Big-scale problems present a big space for growth.
“The scope of the problem is limitless. The number of places, topics and countries where this a problem is limitless. It’s not because anybody is necessarily trying to do anything wrong, although many people are, but the good and bad thing about the internet is anybody can be a publisher. We scale by rating sites and not individual articles. You can use our browser plugin and get nutrition labels and ratings for 96 percent of the news and information that is shared online in the U.S.”
Transparency is key.
“We designed our company to be the opposite of an algorithm in every single respect. We’re transparent. Facebook, Google and Twitter have a reliability and trustworthiness rating for every news site in the world. They just don’t tell you what it is and exactly how we did it. The nutrition label tells you exactly how we [rated a site]. If you get 60 points or more, you get a green. If you get less than 60 points, you get a red.”
The best alternative to algorithms or government intervention.

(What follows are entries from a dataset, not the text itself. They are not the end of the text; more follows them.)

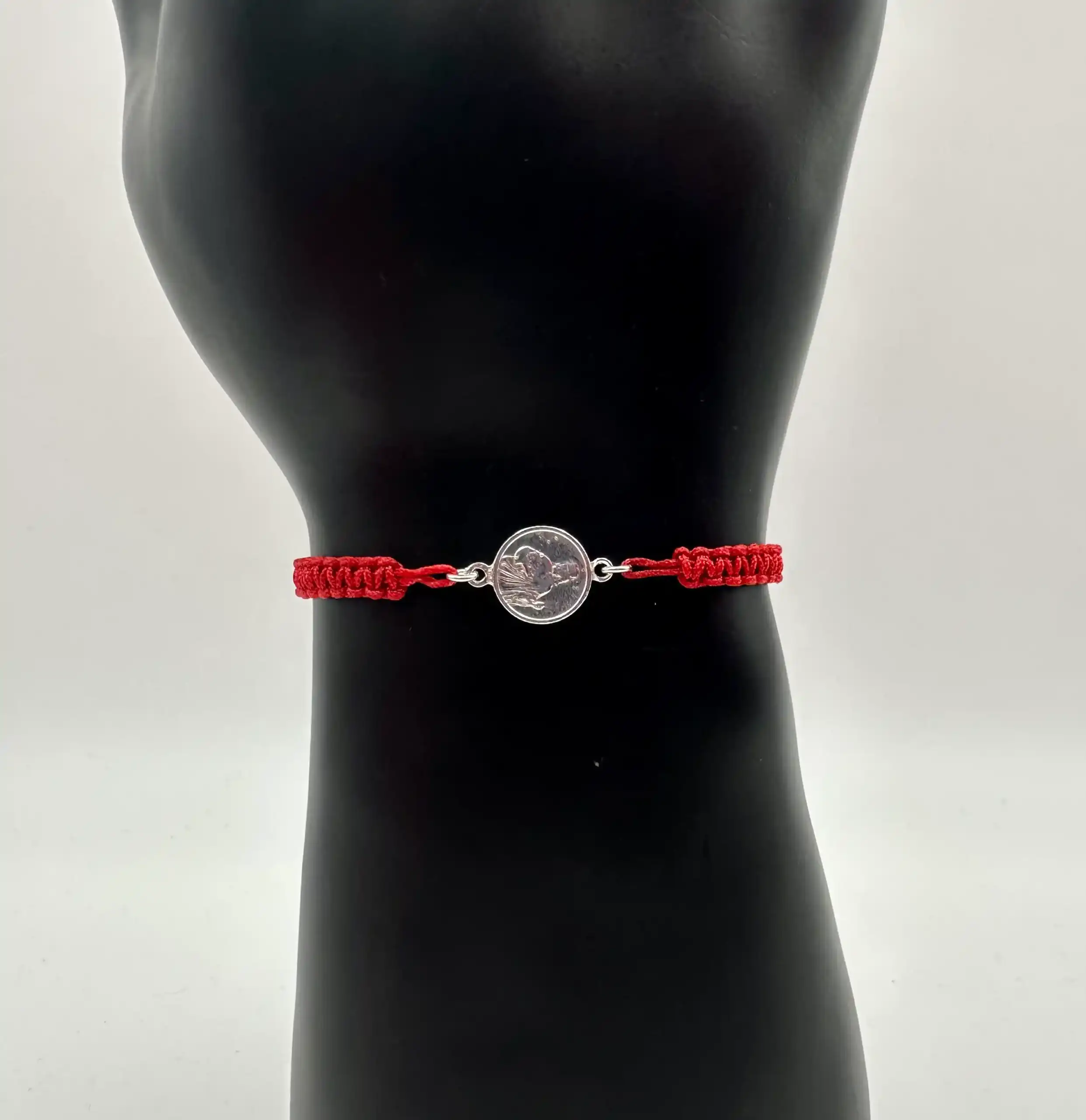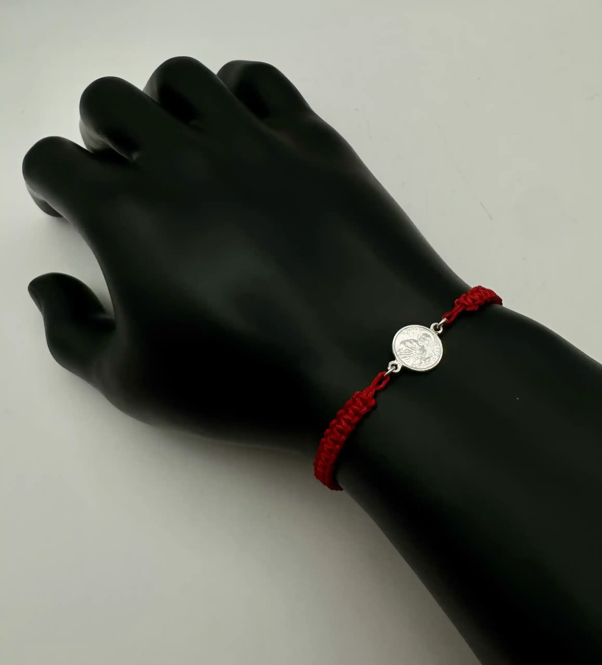 Pulsera Roja Macrame Con San Judas Tadeo Plata De Ley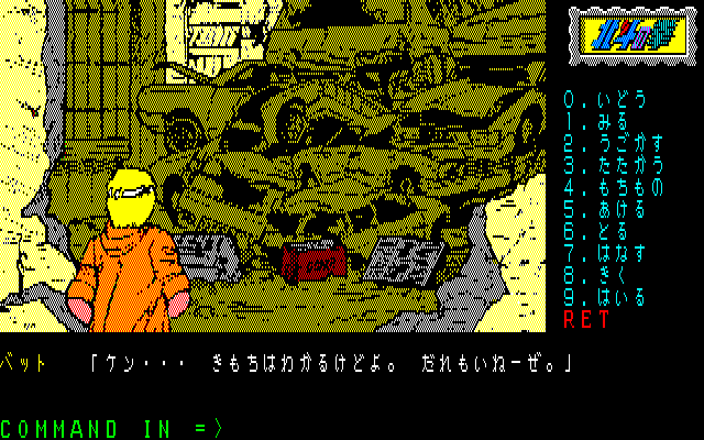 Hokuto no Ken is based on the manga series Fist of the North Star. The story focuses on Kenshiro, a young martial artist proficient in the deadly technique known as Hokuto Shinken, which he uses to protect innocents against malevolent fighters populating a post-apocalyptic world. The game’s plot follows the initial story arc of the manga, as Kenshiro and Bat are trying to locate Kenshiro’s old rival Shin.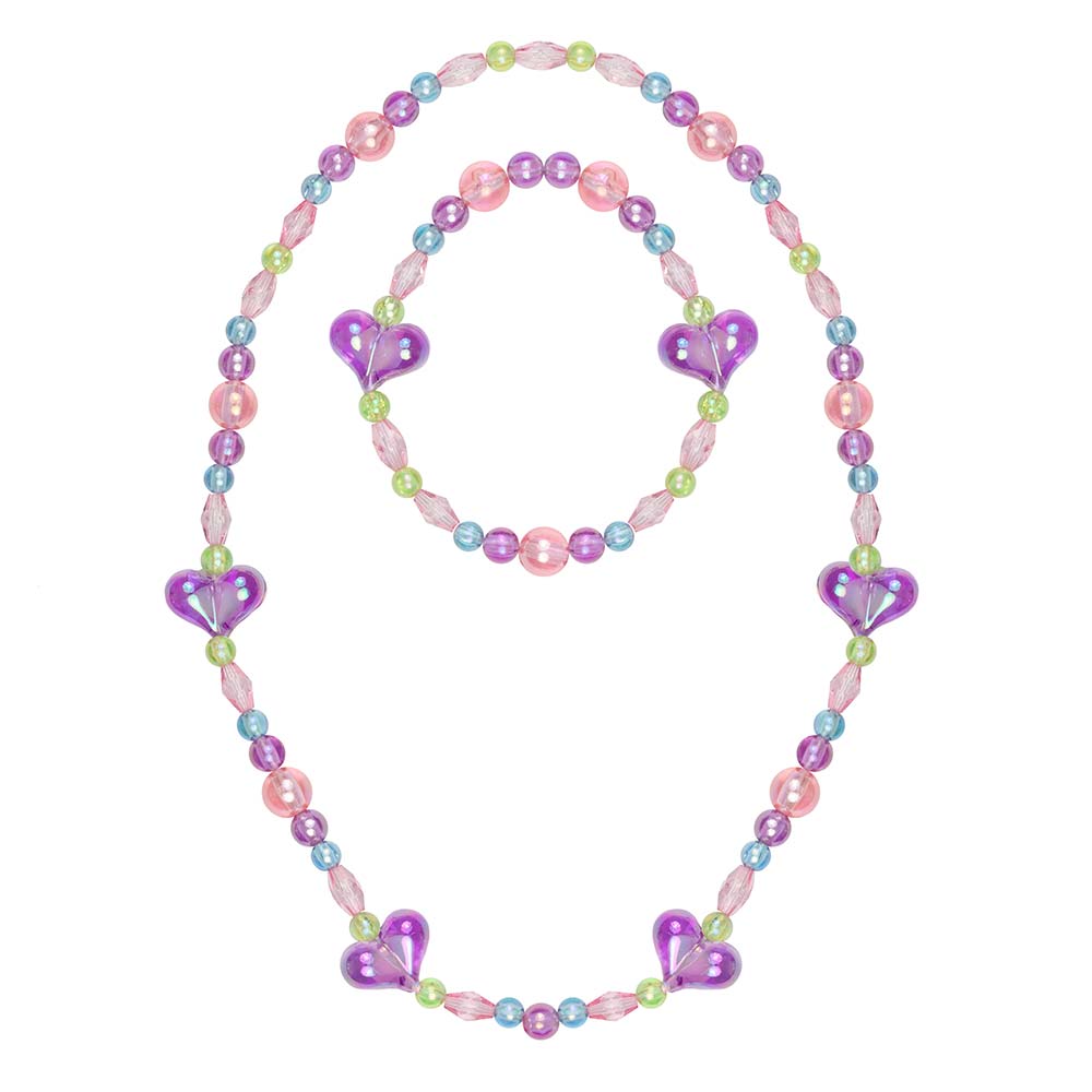 Parure composta da bracciale e collana elastici realizzati con perline assortite a forma di cuore, stondate e perline miste in vari colori: verde, rosa lilla e turchese. La collana misura 16 cm ed il bracciale misura cm 6,00. Indossa la tua parure per conferire al tuo look uno stile personalizzato esaltando i colori del tuo abbigliamento quotidiano. Un regalo delizioso adatto per qualsiasi occasione.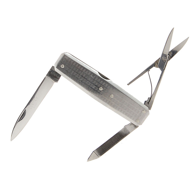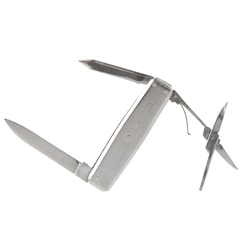 Canif vintage 3 pièces inox guilloché. Occasion en bon état.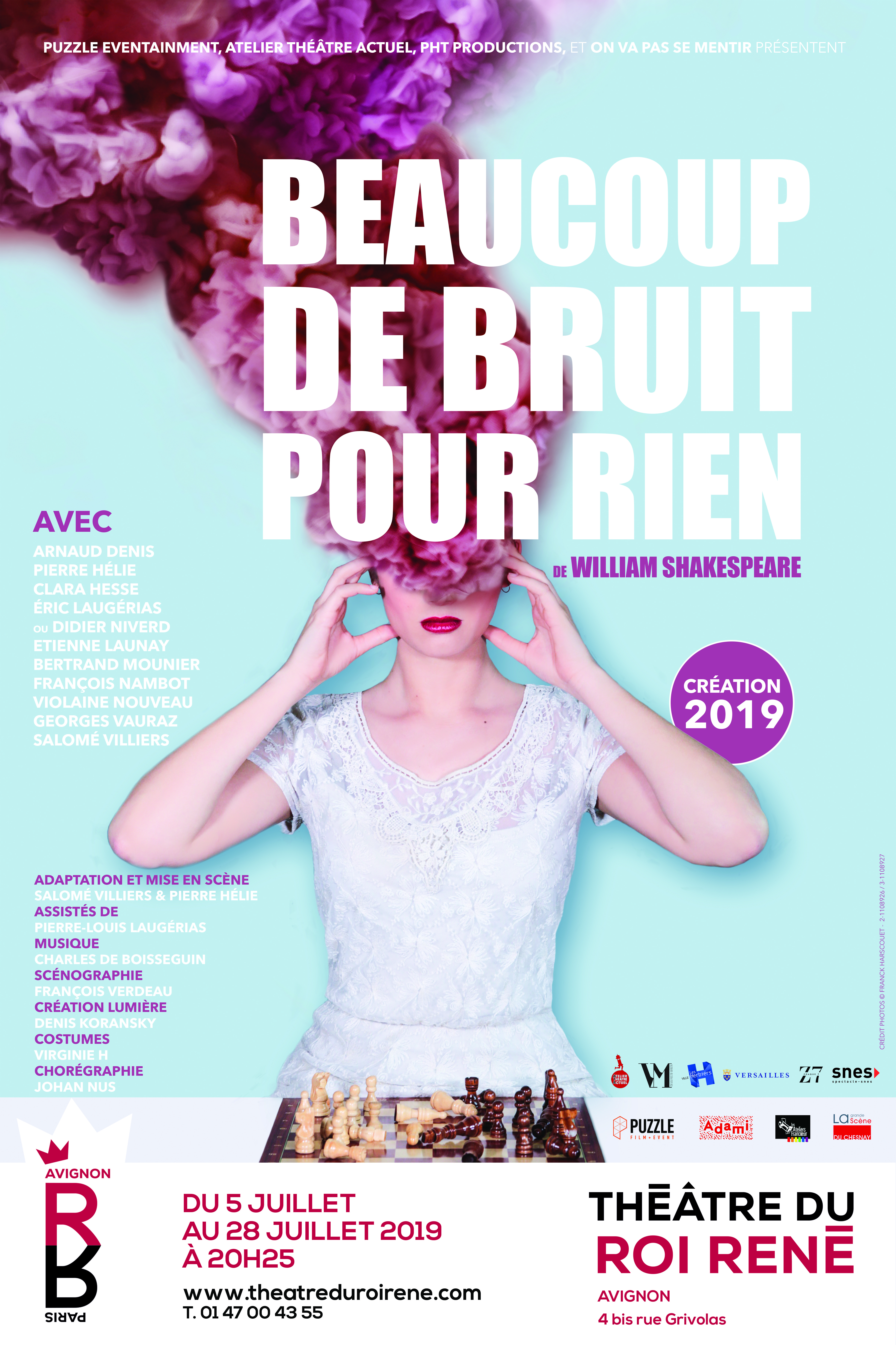 « Beaucoup De Bruit Pour Rien » de William Shakespeare; Adaptation et Mise En Scène de Salomé Villiers et Pierre Hélie. Avec Clara Hesse, Salomé Villiers, Violaine Nouveau, Éric Laugérias (en Alternance avec Didier Niverd), Arnaud Denis, Pierre Hélie, Étienne Launay, Bertrand Mounier, François Nambot, et Georges Vauraz. Au Théâtre Du Roi René Avignon, du 5 au 28 Juillet à 20h25.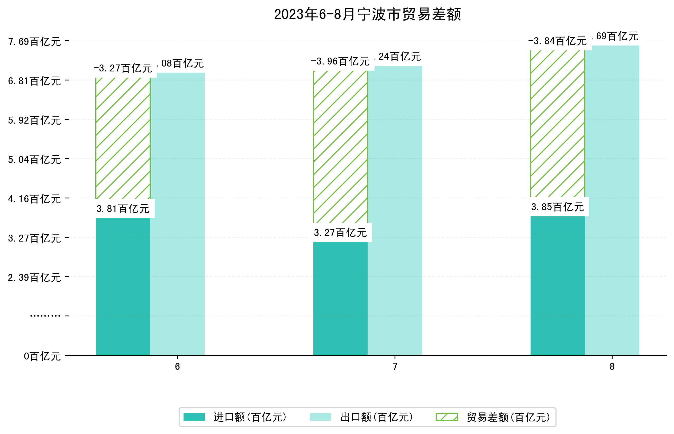 以美元计,2023年8月宁波市贸易差额为53,7138,6487万美元(贸易顺差),相比上月减少了1,8170,5428万美元;相比上年同期增加了3,4113,5228万美元,同比增加6.78%。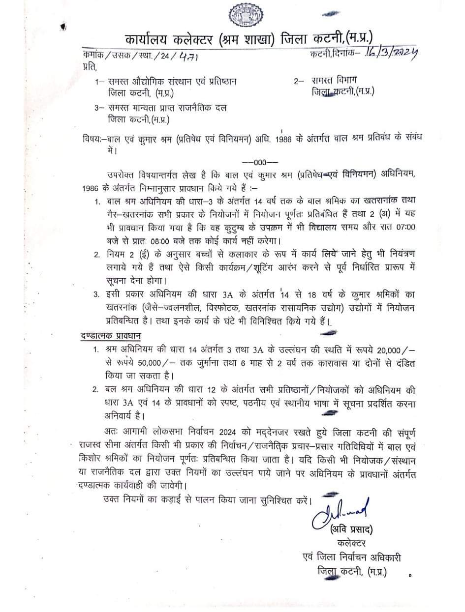 कलेक्टर अवि प्रसाद ने आगामी लोकसभा निर्वाचन 2024 को मद्देनजर रखते हुये जिला कटनी की संपूर्ण राजस्व सीमा अंतर्गत किसी भी प्रकार की निर्वाचन, राजनैतिक प्रचार-प्रसार गतिविधियों में बाल एवं किशोर श्रमिकों का नियोजन पूर्णतः प्रतिबन्धित किया गया है। यदि किसी भी नियोजक, संस्थान या राजनैतिक दल द्वारा उक्त नियमों का उल्लंघन पाए जाने पर अधिनियम के प्रावधानों अंतर्गत दंडात्मक कार्यवाही की जावेगी।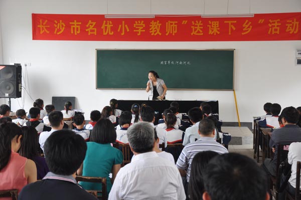 长沙市名优教师送课活动开展至今已有三年多的时间,每次活动深受山区的师生欢迎。它是促进城乡教育均衡发展,引领农村教师的专业成长,探求新课程改革背景下教师培训的新思路、新途径的重要举措。(长沙市小学教师培训中心胡喜鸣)
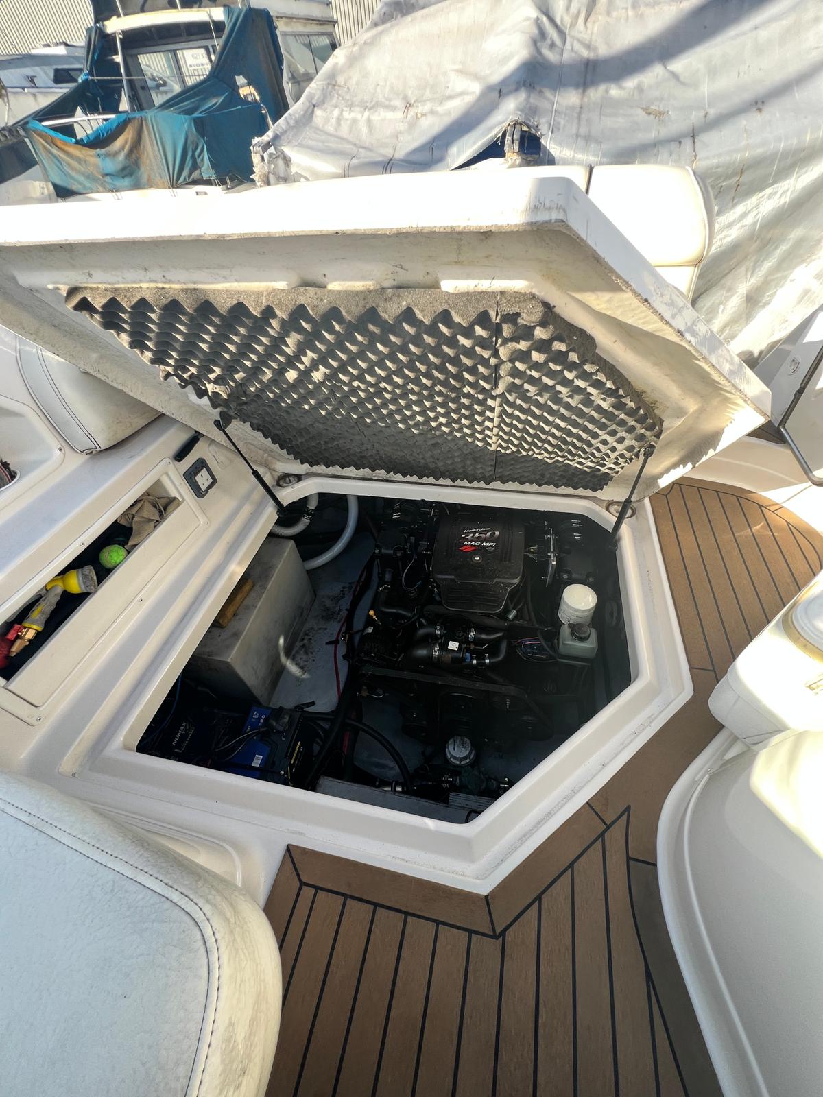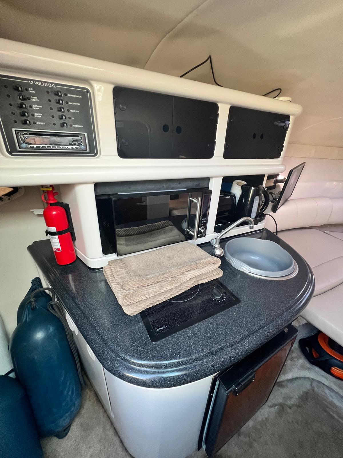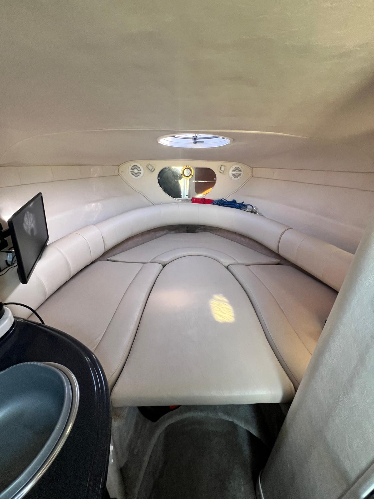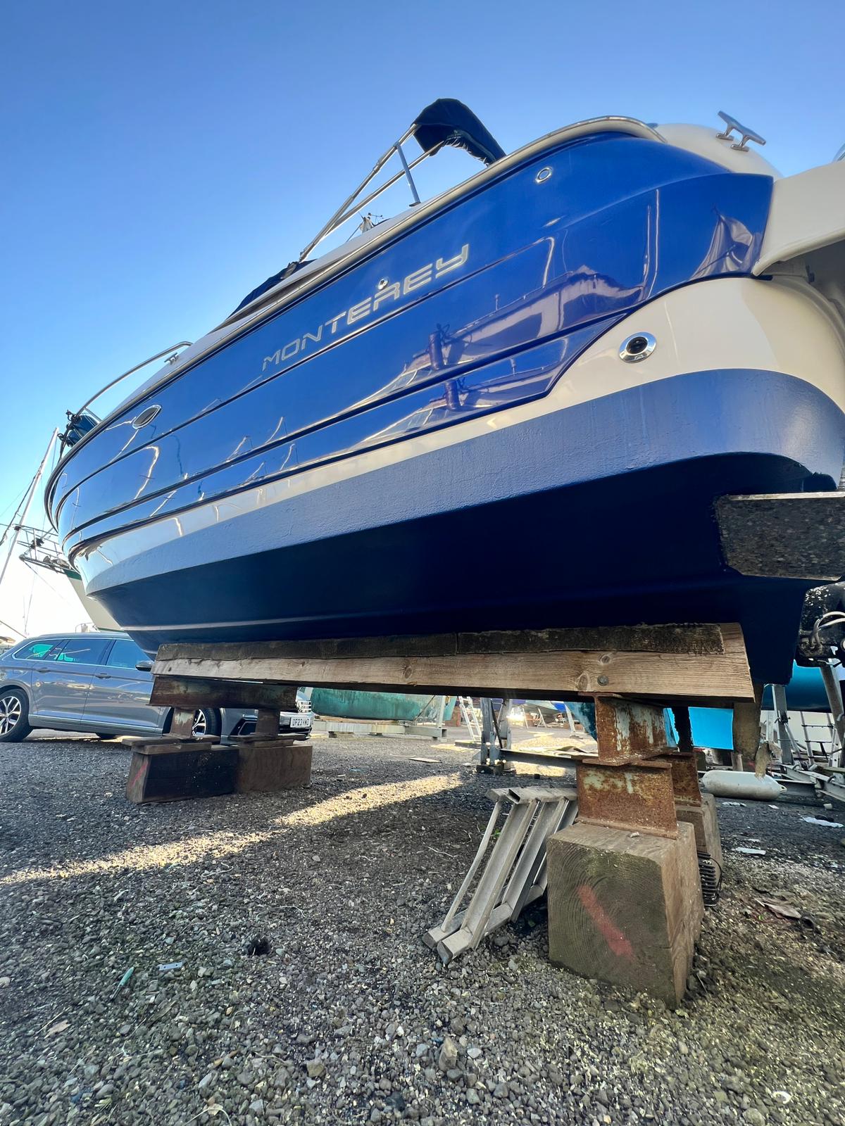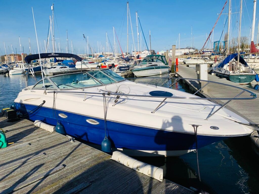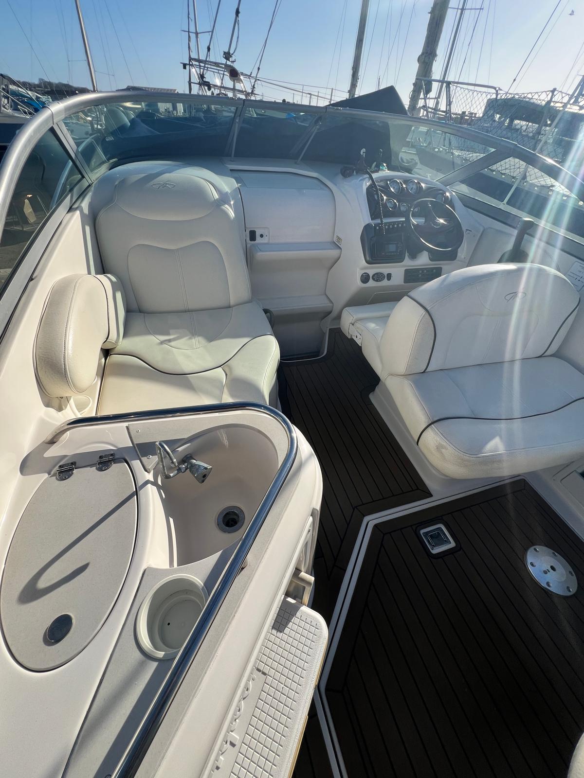 Well-maintained and much loved by the current owner, showing evidence of this through previous ownership with excellent full-service records and documents. The Monterey 245 CR is a sports cruiser with plenty of power, offering a good water sports platform. Alternatively, it can be a good cruiser for relaxing and entertaining on weekends. A well-laid-out cockpit with sink, ice well and coolbox offers a wonderful social feel under the Bimini or the full canopy cover for the cooler evenings. The cockpit extends to a large bathing – swim platform with a shower perfect for those days on the water. Sleeps four, a double under cockpit cabin and a double berth that converts in the saloon. Galley with hot/cold water sink, fridge, hot plate, and microwave. Heads with a shower hot/cold water basin, and a toilet.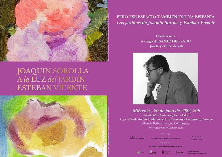 Conferencia a cargo de Samir Delgado 'Pero ese espacio también es una epifanía. Los Jardines de Joaquín Sorolla y Esteban Vicente' el miércoles 20 de julio a las 20:00h en la capilla del Auditorio del Museo de Arte Contemporaneo Esteban Vicente.

“Our business model is to get a license fee. The platforms will license it and install it on their end so you have the option to see it from Facebook when you look at your Facebook feed. Microsoft has already launched us. We’re the alternative between two really bad ideas out there. The first is relying on the technology companies, allowing them to work on the algorithm that will solve it and stay completely non-transparent. The other alternative is that the government steps in and become the content police. The good thing about us is we’re a private company. We think we’re the first in the trust industry and we assume that others will step in to compete, either will an algorithm or with human beings, and then people can decide which one they want to use.”